Julia Briggs does a fantastic job weaving Virginia Woolf’s life story into a deep discussion of her major and minor works. I’m left with the greedy desire to close out the world and start re-reading Woolf’s oeuvre, from The Voyage Out all the way through Between the Acts, even tackling Flush and Roger Fry’s biography for the first time. My finger itches to pull the trigger on a purchase of her complete shorter fiction and essays, along with the collected letters. Perhaps I should wait until I make it through all five volumes of her diaries.
Interesting how Joyce is painted as her “greatest rival,” something she shared with Gertrude Stein? “Nineteen forty-one had begun inauspiciously with the death of her greatest rival, James Joyce — ‘about a fortnight younger than I am’. They had never met, though he had been ‘about the place’, and she recalled Harriet Weaver ‘in wool gloves, spinsterly, buttoned up’ visiting them at Richmond in April 1918 with the thoroughly unbuttoned typescript of Ulysses. Woolf had put it away in a drawer, but then took it out to show Katherine Mansfield. Katherine ‘began to read, ridiculing: then suddenly said, But theres some thing in this: a scene that should figure I suppose in the history of literature.’ One after another, the age’s great writers ‘became [their] admirers’.
Woolf praised Dorothy Richardson and Joyce for inventing new techniques but “found their fiction self-centered, egotistical, narrow and lacking in structure (though as both Pilgrimage and Ulysses were still in the process of being written, their structures were more difficult to discern).” Woolf called the fourth novel of Pilgrimage, The Tunnel, ‘better in its failure than most books in their success.’

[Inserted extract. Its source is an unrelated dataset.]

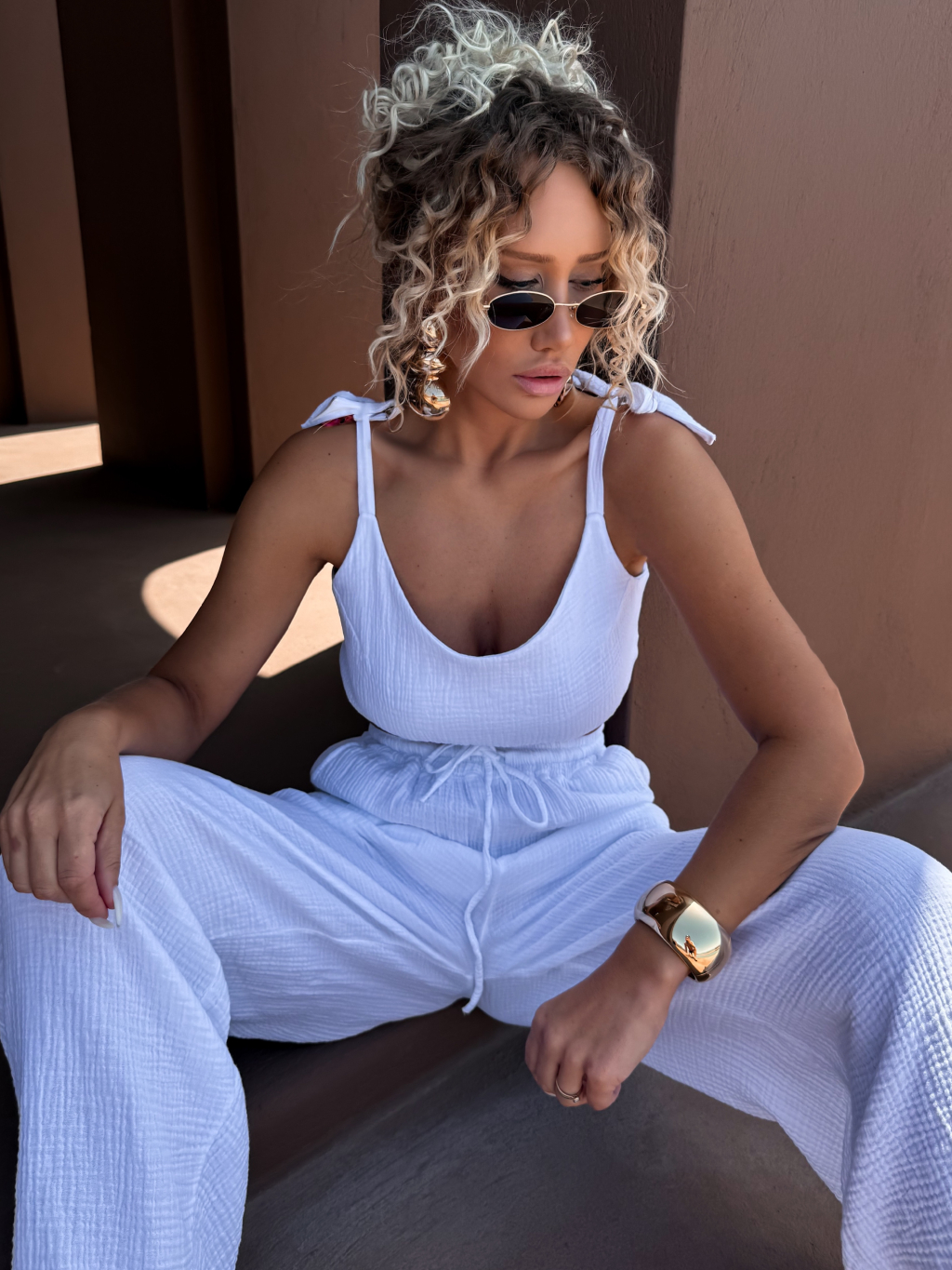 Bílý mušelínový top KOROTA na ramínka Velikost: ONESIZE

Growing up, VW was “a voracious reader, to the amusement of her father who gave her the run of his library, later supplementing it with books brought back from the London Library.” While we don’t have her version of a book blog, we have several clues about what she read, through references in her work plus explicit mention. (I need to pick up a copy of Hakluyt’s Voyages, Travels and Discoveries). Also mentioned: Meredith, Ibsen, Shaw, Hardy, Conrad, Henry James, George Eliot, Austen, Thomas Love Peacock, Henry Fielding, Webster, Browning, Shelley, Spenser, Congreve.
Briggs mentions VW’s letters of protest in 1920 to the New Statesman as a turning point where she converts depression and discouragement into social analysis and a critique of patriarchal attitudes. Strong currents of feminism bubble up throughout her work, finding the clearest voice in A Room of One’s Own and Three Guineas but very much a presence in everything else, especially her essays. Briggs notes that the fact of ROO‘s adoption of inconsistent positions and debates within itself is the source of its continued appeal to modern audiences… “in the process of writing out its own indignation, arrives, for better or worse, at exactly those compromises with the world of men as most women act out on a daily basis, while scarcely noticing that they are doing so.”
Woolf “associated the primary act of artistic creation with writing in longhand rather than with subsequent typing,” her process was to write by hand in the morning and then type it up in the afternoon. Further, she hit upon the strategy of working on two types of projects at once, one fiction and one non-fiction, so that she could teeter between the two when she got stuck or bored or frustrated.
Random thought– how much was society “civilized” by the tradition of afternoon tea, the stopping of all work to come together and have a conversation on a daily basis?
Further research into her claim from the 1925 essay Character in Fiction that ‘on or about December 1910 human character changed.’
All of this is sending me into a deep dive of Woolf, further convinced of her absolute stunning genius.